*Directions:* From the listing below, retype exactly the line holding "Disegno floreale esclusivo", the line holding "Vintage Cast Iron", and the lines between them; skip everything else.

*Record extracts:*
● ● ● ●
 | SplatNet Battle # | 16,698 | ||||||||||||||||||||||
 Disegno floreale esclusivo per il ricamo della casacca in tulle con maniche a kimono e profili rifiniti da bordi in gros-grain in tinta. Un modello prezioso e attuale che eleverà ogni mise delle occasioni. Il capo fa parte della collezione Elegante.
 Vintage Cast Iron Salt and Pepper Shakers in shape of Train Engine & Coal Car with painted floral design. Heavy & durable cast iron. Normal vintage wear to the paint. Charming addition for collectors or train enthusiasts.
● ● ● ●
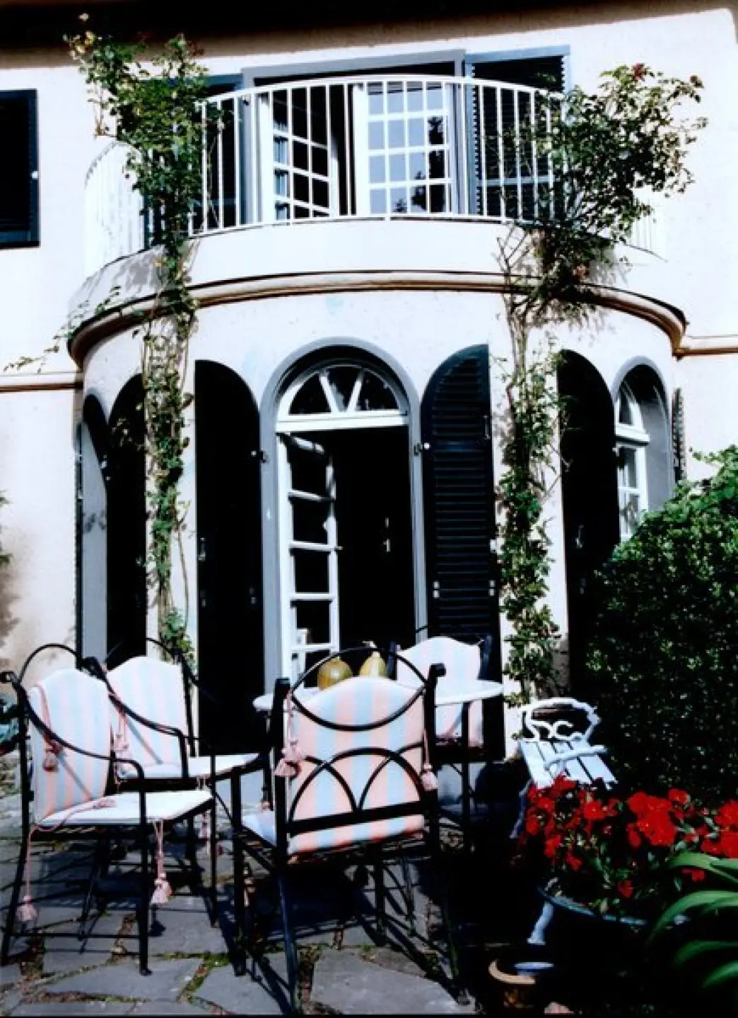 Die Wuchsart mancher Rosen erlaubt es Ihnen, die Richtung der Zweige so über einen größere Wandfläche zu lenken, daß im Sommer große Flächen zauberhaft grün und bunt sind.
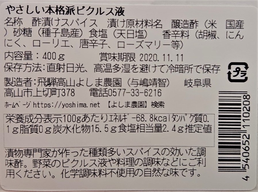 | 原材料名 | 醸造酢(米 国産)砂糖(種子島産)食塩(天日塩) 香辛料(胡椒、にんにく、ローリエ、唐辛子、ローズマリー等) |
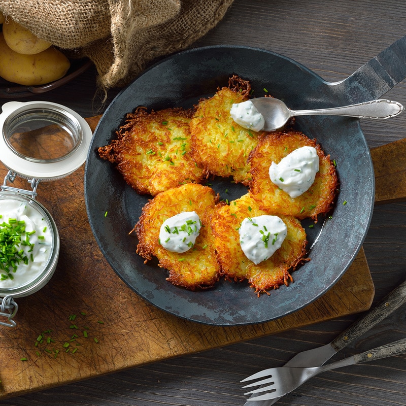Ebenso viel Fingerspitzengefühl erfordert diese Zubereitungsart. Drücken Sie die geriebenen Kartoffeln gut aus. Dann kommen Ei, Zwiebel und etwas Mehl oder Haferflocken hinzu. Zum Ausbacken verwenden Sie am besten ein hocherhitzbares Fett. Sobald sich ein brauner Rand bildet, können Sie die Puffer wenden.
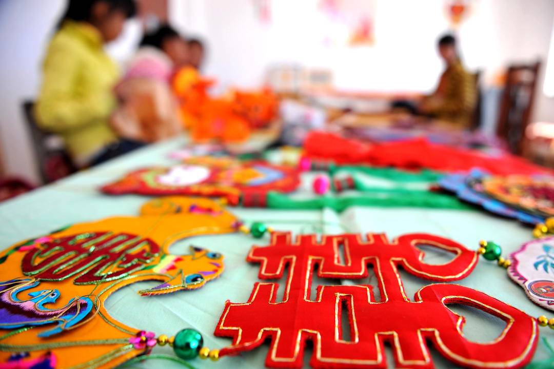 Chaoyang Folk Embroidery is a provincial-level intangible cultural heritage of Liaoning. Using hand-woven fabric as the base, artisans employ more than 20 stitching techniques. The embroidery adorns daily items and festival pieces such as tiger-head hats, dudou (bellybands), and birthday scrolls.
● ● ● ●
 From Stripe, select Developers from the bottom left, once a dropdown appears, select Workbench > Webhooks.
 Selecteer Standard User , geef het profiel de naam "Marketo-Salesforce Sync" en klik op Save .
● ● ● ●
*Final answer:*
 Disegno floreale esclusivo per il ricamo della casacca in tulle con maniche a kimono e profili rifiniti da bordi in gros-grain in tinta. Un modello prezioso e attuale che eleverà ogni mise delle occasioni. Il capo fa parte della collezione Elegante.
 Vintage Cast Iron Salt and Pepper Shakers in shape of Train Engine & Coal Car with painted floral design. Heavy & durable cast iron. Normal vintage wear to the paint. Charming addition for collectors or train enthusiasts.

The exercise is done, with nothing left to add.